Stargate: Summit. Not as bad as I'd read. I was quite enjoying the show again, but hey, consider what I watch for pleasure these days J. I thought the picture of Sha're on Daniel's desk was a nice touch. He'd been looking at it, so you know why he decided to do it - it was a revenge thing. I adored Jacob calling him Danny. Oh yeah, the kid's been adopted (as the daughter Jacob always wanted). Just when Aldwin and the new Lt become interesting, they kill them off. Typical, but even the Great Joss is guilty of this one. Daniel in the regrettable slave outfit - oh yeah, I'm mourning the lost gold g-string opportunities here. Sam's obviously upset over the fate of Martouf - yay Sam. She's human again. Kudos to Mandy for wringing everything she could from the script. Jack - the grumpy old man routine just ain't working for me, sorry. Teal'c - part of the furniture, as usual. Not a bad episode. Not subtle, but hell, compared to Attack of The Clones, it's comparable, and for a cheap cable tv show, that's not bad. I really liked the idea of Danny going to war for one love, and fucking up for another. Poor boy. His sex life is almost as fucked up as Sam's.
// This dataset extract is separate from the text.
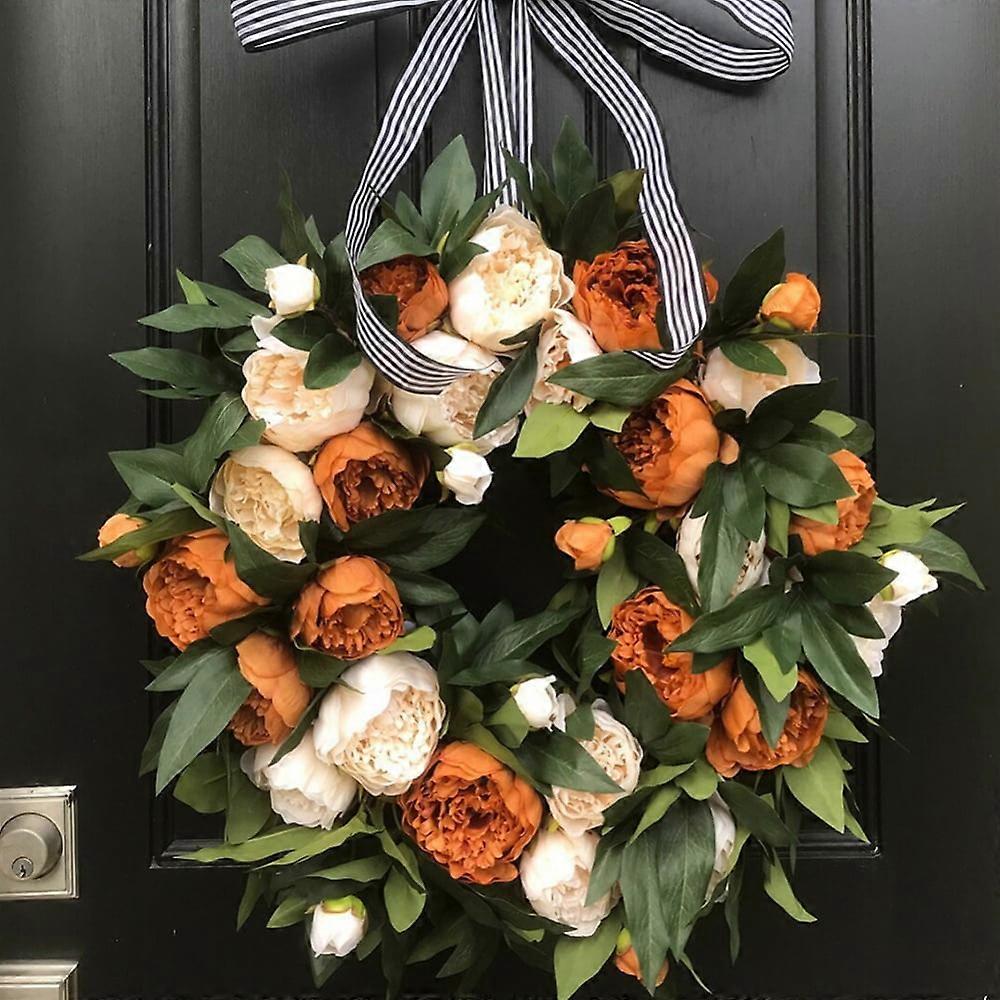 15.7 Inch Spring Artificial Peony Flower Wreath for Front Door for Wedding ,Pink Rose Floral Door Wreath with Leaves and Bow for Home Decorations

Maybe more so.
And now, my Munchkin (SVU), still dressing like it's 1979. Bless.
Stargate: Cold Lazarus. Phallic blue crystals, Abyss riffs, Jack angst. I really like this one. Jack as a fully rounded human being. Jack with a history. Jack actually showing emotions. Daniel gloating over being the font of all Jack gossip. Jack actually having chemistry with a female lead. Sam and Danny playing like children. What's not to love. God, I miss this show. It had its moments.
Friday: The Biehn Project
The last of the local vid shop's Biehn supply. Whimper. First up: Rampage. Shocking scenes, warns the video cover. Yeah right. I await my shocking scenes but like an STA bus, they never arrive. After years of watching Silent Witness, McCallum, Profiler and the X Files, I'm just not that shocked or titilated by the odd body part on screen. I thought it was going to be hunt the serial killer but it was prosecute the serial killer. Only it wasn't even that, either. Bugger the court case, here's the message: the death penalty is wrong. I already don't agree with the dealth penalty (for a variety of reasons, like countries without the death penalty have a much lower homicide rate, 75% of death row inmates have their cases overturned, that sort of thing) so preaching to the choir here, and it was preachy. It made Law & Order look subtle and delicate. Michael is no Sam Waterson, and the bug eyed glasses - just say no. Though he did say no to them, a lot, whipping them off dramatically at the slightest excuse. Nor did his character apparently need them for driving, reading or moping dramatically so perhaps they were just a dorky affectation. Maybe that was why his wife was leaving him - and what a bitch. Biggest case of the poor guy's life and what does she do - support him? No, she makes his life worse by leaving him. Bitch.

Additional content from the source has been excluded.